R. v. Rahey (1987), 75 N.R. 81 (SCC)

MLB headnote and full text

[French language version follows English language version]

[La version française vient à la suite de la version anglaise]

.........................

Carl R. Rahey v. Her Majesty the Queen by her Attorney General of Canada

(18906)

Indexed As: R. v. Rahey

Supreme Court of Canada

Dickson, C.J.C., Beetz, Estey, McIntyre, Chouinard, Lamer, Wilson, Le Dain and La Forest, JJ.

May 14, 1987.

Summary:

In May 1978 the Minister of National Revenue began an income tax investigation of the accused, seizing all his books, records and documents. In March 1980 he was reassessed tax for the years 1972-1977. He was placed in receivership by the Minister in January 1981, at which time the Minister had grounds to prosecute. An information was laid against the accused in August 1981 and his trial took place from March to May 1982 and was then adjourned to November. In November the Crown closed its case. On December 13, 1982, the accused moved for a directed verdict. The trial judge adjourned the proceedings 19 times over 11 months. The trial judge rendered a decision only after mandamus was obtained to compel him to render a decision. The accused applied for dismissal of the charges against him on the ground that his right to be tried within a reasonable time under s. 11(b) of the Charter of Rights and Freedoms was denied.

The Nova Scotia Supreme Court, Trial Division, in a judgment reported 61 N.S.R.(2d) 385; 133 A.P.R. 385, allowed the application and dismissed the charges. The court found that the time spent in investigating the accused's affairs was not unreasonable, because the investigation was extremely complex. Similarly, the time spent trying the case was not unreasonable. However, the court found that the judge's delay in rendering his decision on the accused's motion for a directed verdict was unreasonable and prejudiced the accused in his defence. The court held that the appropriate remedy was dismissal of the charges. The Crown appealed.

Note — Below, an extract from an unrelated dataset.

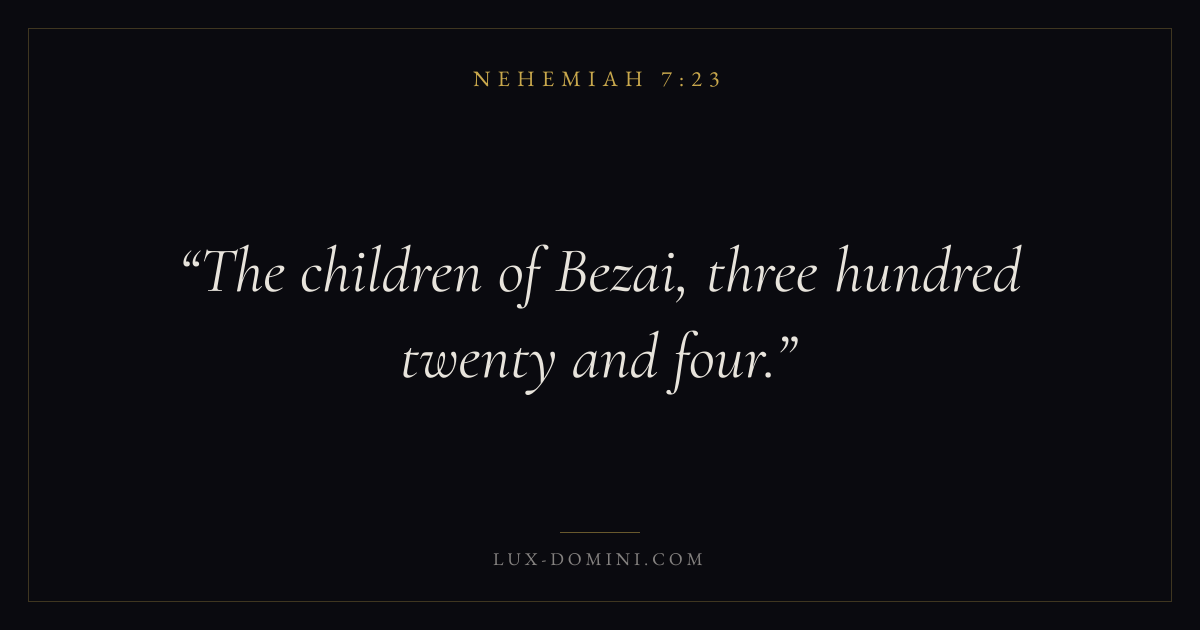 Books / Nehemiah / Chapter 7 / Verse 23 ← Nehemiah 7:22 Nehemiah 7:23 Nehemiah 7:24 → The children of Bezai, three hundred twenty and four. Download verse card Share on Twitter Share on Facebook Pin it ✦ Key themes PrayerGraceRestorationLeadership Read with Nehemiah 7:24Matthew 6:9Luke 18:1Ephesians 2:8 Related topics Bible verses about prayerBible verses about graceBible verses about leadership ✦ Nehemiah Chapter 7 verses V. 1 V. 2 V. 3 V. 4 V. 5 V. 6 V. 7 V. 8 V. 9 V. 10 V. 11 V. 12 V. 13 V. 14 V. 15 V. 16 V. 17 V. 18 V. 19 V. 20 V. 21 V. 22 V. 23 V. 24 V. 25 V. 26 V. 27 V. 28 V. 29 V. 30 V. 31 V. 32 V. 33 V. 34 V. 35 V. 36 V. 37 V. 38 V. 39 V. 40 V. 41 V. 42 V. 43 V. 44 V. 45 V. 46 V. 47 V. 48 V. 49 V. 50 V. 51 V. 52 V. 53 V. 54 V. 55 V. 56 V. 57 V. 58 V. 59 V. 60 V. 61 V. 62 V. 63 V. 64 V. 65 V. 66 V. 67 V. 68 V. 69 V. 70 V. 71 V. 72 V. 73

The Nova Scotia Supreme Court, Appeal Division, in a judgment reported 63 N.S.R.(2d) 275; 141 A.P.R. 275, allowed the appeal and set aside the acquittal. The court held that although the trial judge's delay was disgraceful, the accused's right to be tried within a reasonable time under s. 11(b) was not denied, where the accused was not prejudiced by the delay. The accused appealed.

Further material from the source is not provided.